During an assessment under our new approach
Date of Assessment: 19 November to 25 November 2025. Saville Medical Group is a GP practice and delivers service to approximately 42,000 under a contract held with NHS England. The practice operated as a single-practice Primary Care Network (PCN) and ran across 2 sites: City Centre Surgery and Newbiggin Hall Surgery. The National General Practice Profiles states that 6.2% of patients are aged 65 years or over, compared with the England average of 17.8%. Information published by Office for Health Improvement and Disparities shows that deprivation within the practice population group is in the 4th decile (4 of 10). The lower the decile, the more deprived the practice population is relative to others. This assessment considered the demographics of the people using the service, the context the service was working within and how this impacted service delivery. Where relevant, further commentary is provided in the quality statements section of this report.
This was a comprehensive assessment, undertaken due to the length of time since our last assessment.
The service fostered a positive learning culture, with staff confident to raise concerns and incidents investigated thoroughly. People were kept safe, and staff understood and managed risks well. Facilities were clean and met people's needs. Staff received training and appraisals; however, some gaps remained, including incomplete risk assessments and limited assurance that vaccination records were in place for both clinical and non-clinical staff.
People were involved in assessments of their needs, and staff considered individuals’ communication, personal, and health needs. Care was based on latest evidence and good practice. Staff worked collaboratively with all agencies involved in people’s care to achieve the best outcomes and ensure smooth transitions between services. They supported people to understand their care and treatment so they could give informed consent. Where people lacked capacity, staff involved those important to them and made decisions in their best interests.

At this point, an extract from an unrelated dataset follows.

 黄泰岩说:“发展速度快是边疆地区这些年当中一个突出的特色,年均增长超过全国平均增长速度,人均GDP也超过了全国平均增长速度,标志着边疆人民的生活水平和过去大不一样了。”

People were treated with kindness and compassion. Staff protected their privacy and dignity. They treated them as individuals and supported their preferences. People had choice in their care and treatment. The service supported staff wellbeing.

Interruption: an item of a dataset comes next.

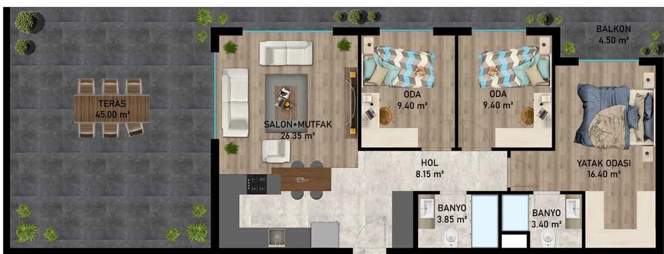Wohnung zum Verkauf in Aksu. Fläche m²: 94, Zimmer: 3+1, Preis: 470 000 Euro. (ID 383)

People were involved in decisions about their care, and the service provided information in ways they could understand. People knew how to give feedback and were confident it was taken seriously and acted upon. The service was easy to access and worked to eliminate discrimination, ensuring fair and equal care and treatment. It also aimed to reduce health and care inequalities through staff training and feedback. People understood their options, including the choice to withdraw or decline care, and were supported in planning their care.

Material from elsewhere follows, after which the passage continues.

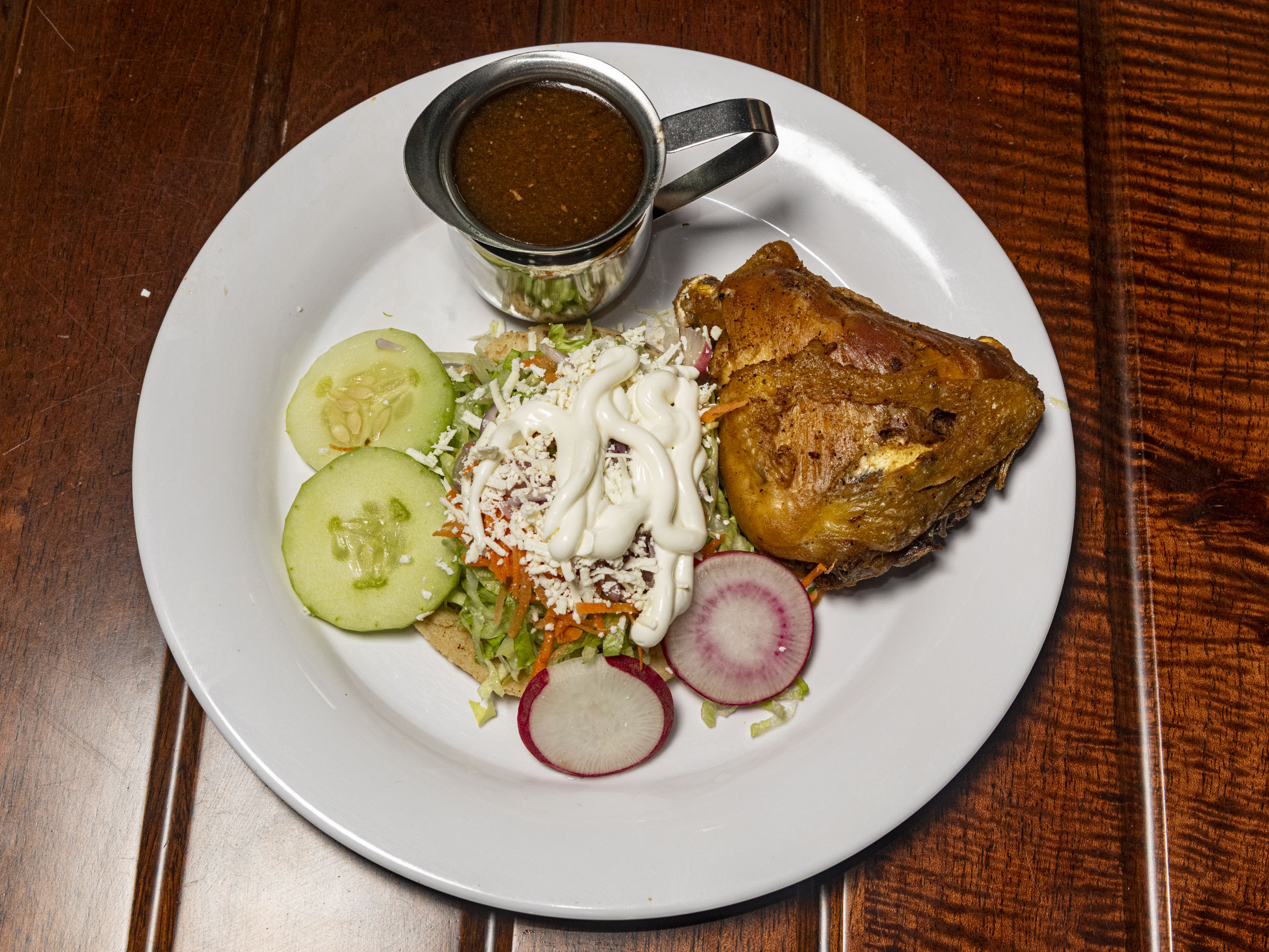 2 Piezas de pollo acompañado de papa frita en rodajas, verdura (lechuga, zanahoria, cebolla, rábano y pepino) y tortillas

Leaders were visible, knowledgeable, and supportive, actively helping staff develop in their roles. Staff felt able to give feedback and were treated equally, free from bullying or harassment. Roles and responsibilities were clearly understood. Managers engaged with the local community to deliver the best possible care and were receptive to new ideas. There was a strong culture of continuous improvement; however, some governance gaps were identified during the assessment, including no legionella risk assessments and limited assurance that staff vaccination records were up to date. Following the assessment, leaders told us they had taken prompt action and these issues were addressed.